Authors: Tim Kring and Dale Peck
Naz’s blood went as cold as the drink in her hands. The drink. She looked at it a moment, then drained it in a gulp.
“Easy there, Miss Haverman. I’d rather not have to carry you out of here.”
“Pardon me, but I think there’s some kind of mistake. My name is Joan.”
“Really? Joan what?”
Naz’s eyes darted around the bar. No one ever asked for a last name. She caught a glimpse of her panicked face in the mirror over the bar. “Mir-ren,” she stuttered. “Joan Mirren.”
The boy looked at the mirror a moment, then back at her. “Nice save, Miss Haverman. Now,” he went on, “I can show you my identification in here, or I can save you the embarrassment and you can walk outside with me.”
Naz realized she was still clutching her glass like a lifeline. She thought of throwing it at him, running, but knew she wouldn’t get anywhere. Not in these shoes, this skirt. Not after two gin and tonics. And there was still no sense of malice coming from the boy, nor the kind of contempt she’d encountered during her one or two run-ins with Vice. Indeed, she almost thought she sensed compassion.
Straightening her back, she offered him her widest smile. She would snatch what victory she could from this disaster. “Put your hand on the small of my back as we walk out,” she said. “So it looks convincing.”
As the boy followed her out, he said, “If I wanted to be convincing, my hand wouldn’t stop at the small of your back.”
“If you want to keep your fingers,” she said, “they won’t go any lower.”
Once they were outside, she quickened her step a half pace to dislodge his hand from her body. They walked a block in silence to the edge of a small park. The air was brisk and cleared her head a bit, even as the alcohol calmed her nerves and dulled her senses. I can handle this child, she told herself. Everything will be just fine.
The boy motioned through the gates. The gesture was diffident, almost abashed, and part of her wondered if he’d ever been unchaperoned in the company of a female.
She shook her head. “Let’s see that ID.”
The boy grinned again, reached inside his jacket. Naz saw the Henry Poole label and congratulated herself for guessing his suit’s origins, then chided herself for losing focus. He brought out a slim wallet and flicked it open. Instead of a badge, she saw a simple white identification card. His employer’s name had been printed in full, and she had to squint to read the tiny letters in the faint light.
She looked up at him. “Do you really expect me to believe this?”
The boy shrugged, as if acknowledging the incongruity of someone as young and innocent looking as him belonging to such an organization.

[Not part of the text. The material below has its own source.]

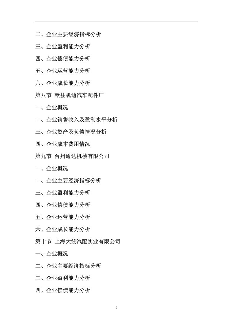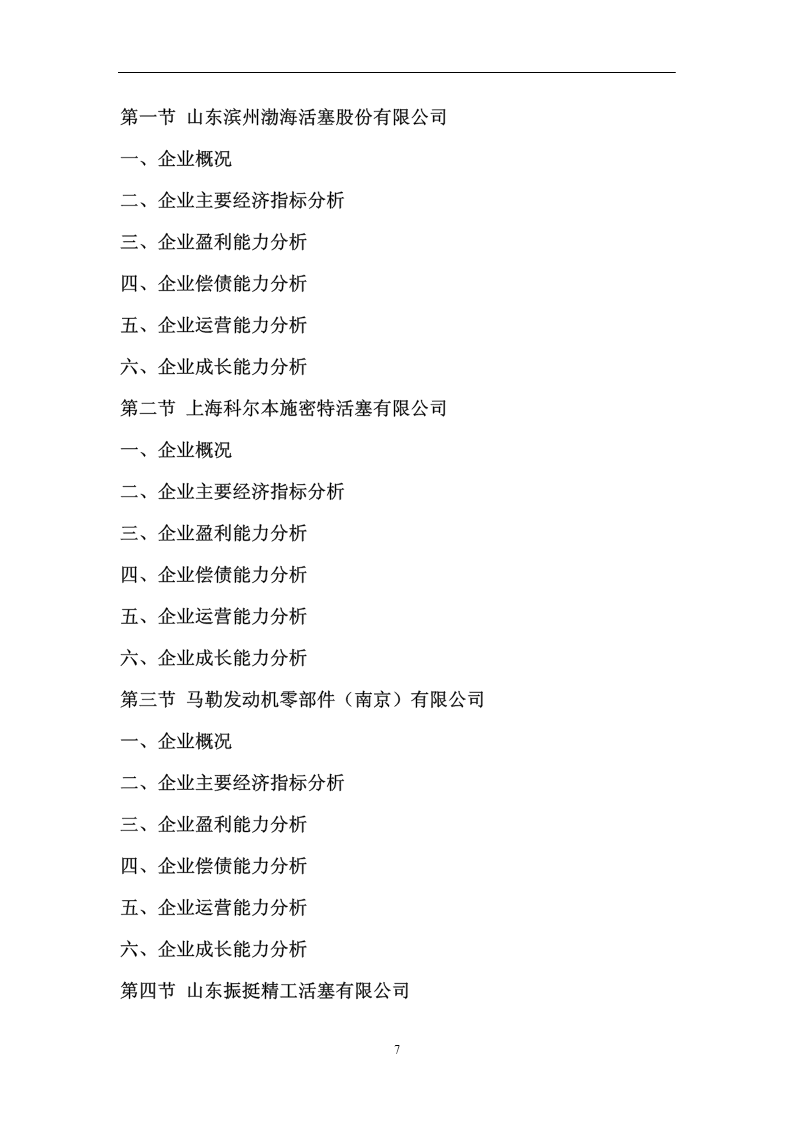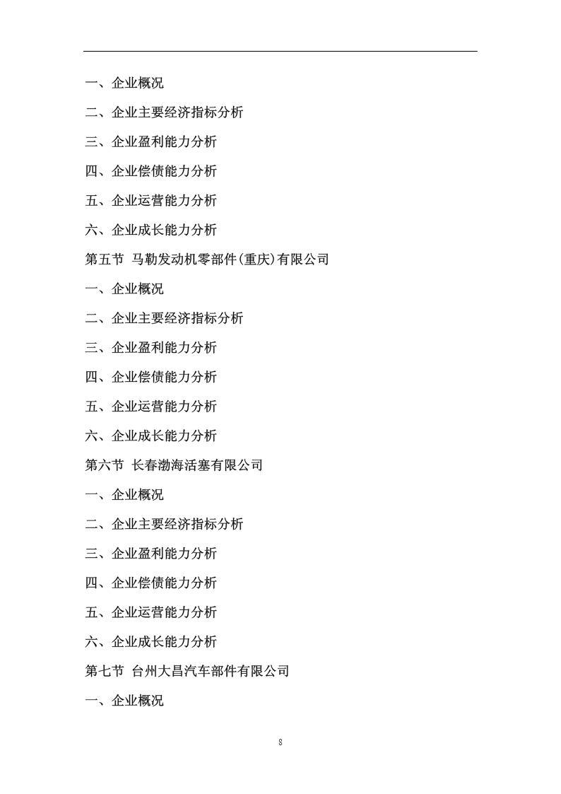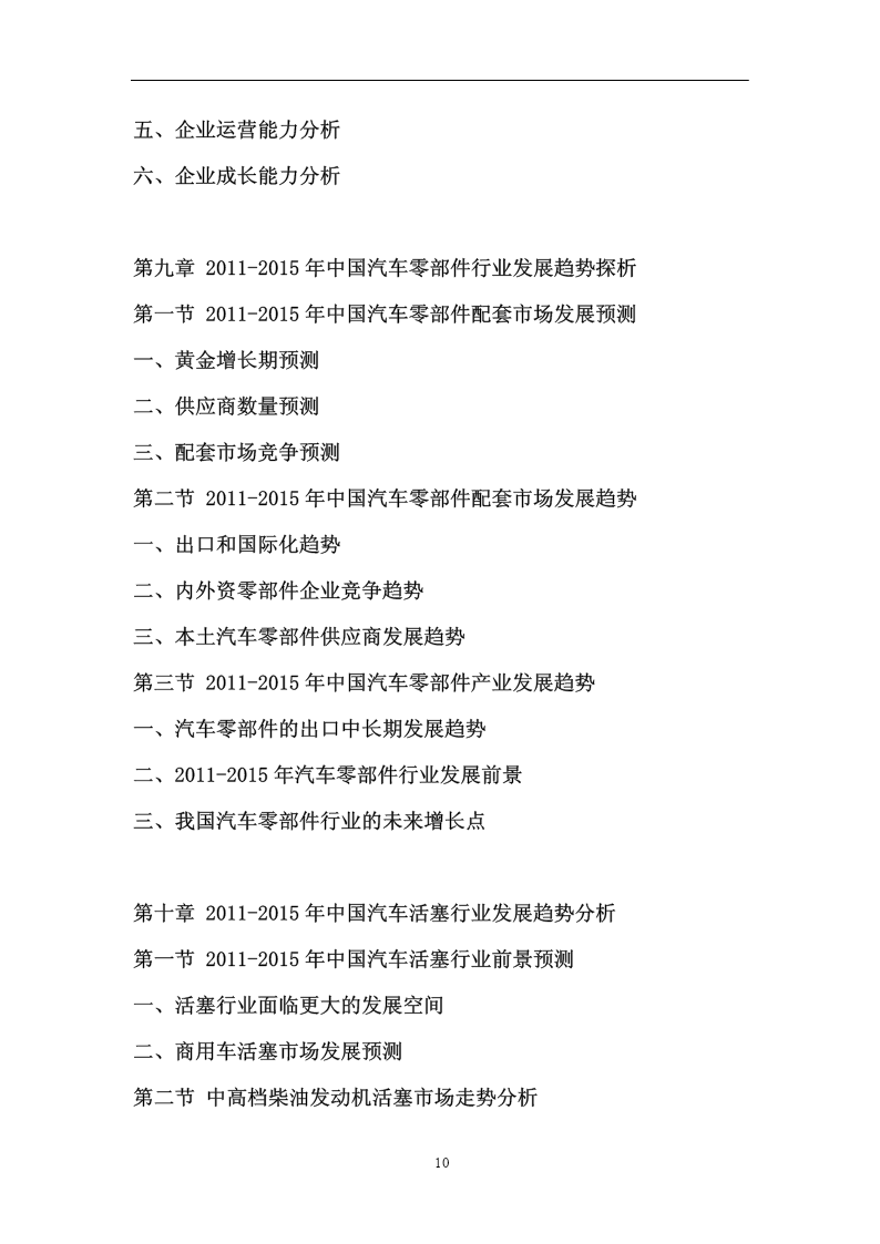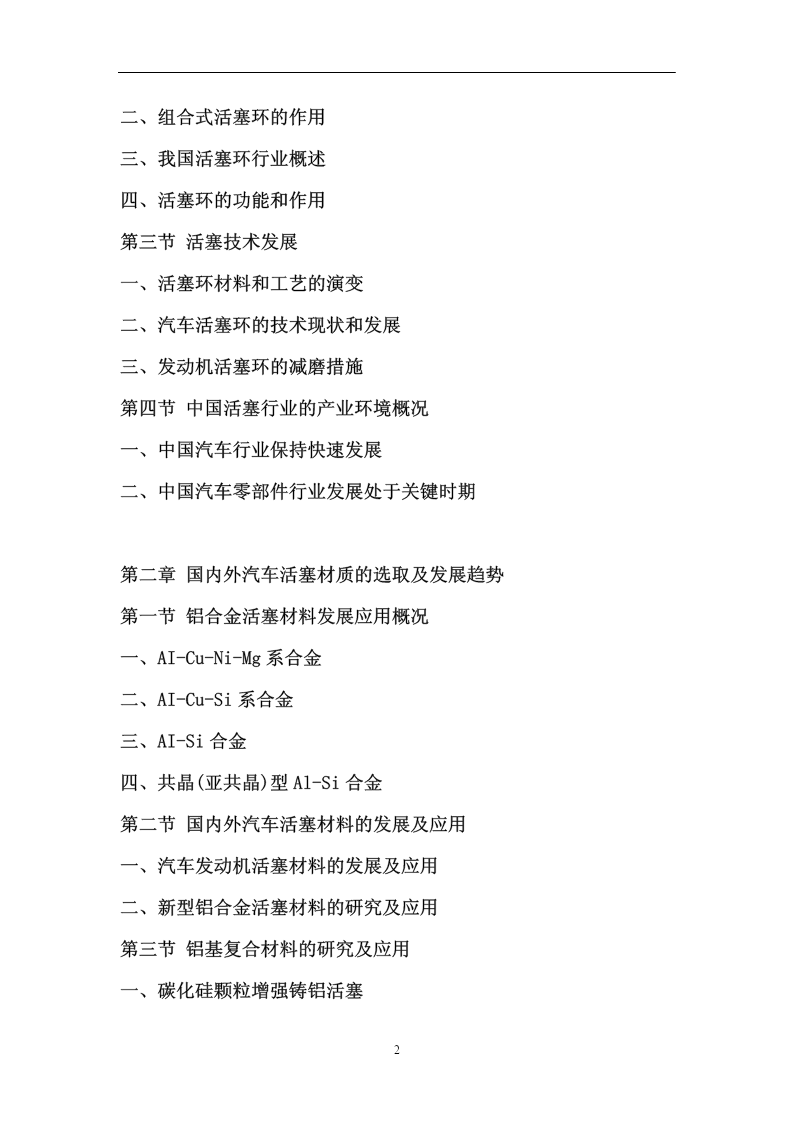 2011-2015年中国汽车活塞产业竞争格局及未来发展趋势报告报告简介活塞是汽车发动机的“心脏”,承受交变的机械负荷和热负荷,是发动机中工作条件最恶劣的关键零部件之一。活塞的功用是承受气体压力,并通过活塞销传给连杆驱使曲轴旋转,活塞顶部还是燃烧室的组成部分。智研咨询发布的《2011-2015年中国汽车活塞产业竞争格局及未来发展趋势报告》共十四章。首先介绍了汽车活塞相关概述、中国汽车活塞市场运行环境等,接着分析了中国汽车活塞市场发展的现状,然后介绍了中国汽车活塞重点区域市场运行形势。随后,报告对中国汽车活塞重点企业经营状况分析,最后分析了中国汽车活塞行业发展趋势与投资预测。您若想对汽车活塞产业有个系统的了解或者想投资汽车活塞行业,本报告是您不可或缺的重要工具。本研究报告数据主要采用国家统计数据,海关总署,问卷调查数据,商务部采集数据等数据库。其中宏观经济数据主要来自国家统计局,部分行业统计数据主要来自国家统计局及市场调研数据,企业数据主要来自于国统计局规模企业统计数据库及证券交易所等,价格数据主要来自于各类市场监测数据库。报告目录、图表部份第一章汽车活塞产业相关概述第一节活塞概述一、活塞特点二、活塞分类三、活塞结构四、工作条件五、活塞对相关部件性能影响第二节活塞环概述一、活塞环的作用1二、组合式活塞环的作用三、我国活塞环行业概述四、活塞环的功能和作用第三节活塞技术发展一、活塞环材料和工艺的演变二、汽车活塞环的技术现状和发展三、发动机活塞环的减磨措施第四节中国活塞行业的产业环境概况一、中国汽车行业保持快速发展二、中国汽车零部件行业发展处于关键时期第二章国内外汽车活塞材质的选取及发展趋势第一节铝合金活塞材料发展应用概况一、AI-Cu-Ni-Mg系合金二、AI-Cu-Si系合金三、AI-Si合金四、共晶(亚共晶)型Al-Si合金第二节国内外汽车活塞材料的发展及应用一、汽车发动机活塞材料的发展及应用二、新型铝合金活塞材料的研究及应用第三节铝基复合材料的研究及应用一、碳化硅颗粒增强铸铝活塞2二、氧化铝、硅酸铝和硼酸铝短纤增强铝合金活塞第四节2010-211年国内外其它活塞材料的研究应用一、钢顶铝裙材料二、陶瓷材料三、树脂基复合材料四、碳及碳纤维增强碳基复合材料第五节汽车活塞材质发展趋势分析第三章国内外汽车行业整体运行新形势透析第一节国际汽车工业运行综述一、世界汽车行业的供应链结构分析二、金融危机下全球汽车格局分析三、2010年全球汽车市场产销情况四、全球汽车制造业新趋向第二节中国汽车工业运行总况一、改革开放30年民族汽车工业的发展成就二、2005-2010年中国汽车工业经济运行情况分析三、近三年中国汽车产销数据计分析四、中国汽车保有量分析第四章中国汽车零部件行业运行新格局分析第一节中国汽车零部件业运行综述3一、中国汽车零部件产业发展目标模式二、中国汽车零部件行业危中求机三、中国汽车零部件与汽车配套关系发展分析四、中国汽配城的经营和管理五、汽车零部件业发展电子商务的分析第二节中国汽车零配件市场运行分析一、中国汽车零部件市场发展迅猛二、中国汽车零部件市场态势及篇产品市场需求三、我国汽车零部件再制造市场特点及运作模式四、中国商用汽车配件市场发展第三节中国汽车零部件市场流通模式探析一、中国汽车零部件行业发展现状及市场流通模式分析二、中国汽车零部件市场流通模式的发展方向第五章汽车活塞行业运行状况分析第一节汽车活塞行业运行动态分析一、仪征活塞环PSA、福特、康明斯、日产、日野二、韩国东洋活塞在山东威海的独资企业开始试生产三、平衡售后市场业务,马勒业务稳步增长四、安庆帝伯格茨活塞环出口订单增多五、金皇活塞模具和铸造技术获新提升第二节国内活塞环行业发展形势分析4一、活塞环行业集中度高二、活塞环技术有待发展三、活塞环发展道路明确第三节中国汽车活塞行业现状综述一、中国活塞销行业生产状况分析二、与国外活塞环行业的差距三、活塞行业国际合作第四节我国汽车活塞市场销售情况分析一、中国汽车发动机活塞特点分析二、汽车活塞国内市场销售情况分析三、中国汽车活塞四大进出口国分布四、中国汽车活塞进出口市场的比较第五节活塞行业发展存在的难题一、规模不大产能受阻二、技术不新产品受限三、标准不全产业受累第六章中国汽车活塞行业竞争新格局透析

As he slipped his wallet back inside his suit, he said, “Do you remember a man by the name of Kermit Roosevelt?”
Naz’s eyebrows rose. Uncle Kermit had been one of her father’s closest friends and business associates in Tehran, had dined with the family at least once a month.
“Mr. Roosevelt was, as they say, our man in Tehran, and your father, owing to his lifelong residence in Persia, was one of his most valuable assets.”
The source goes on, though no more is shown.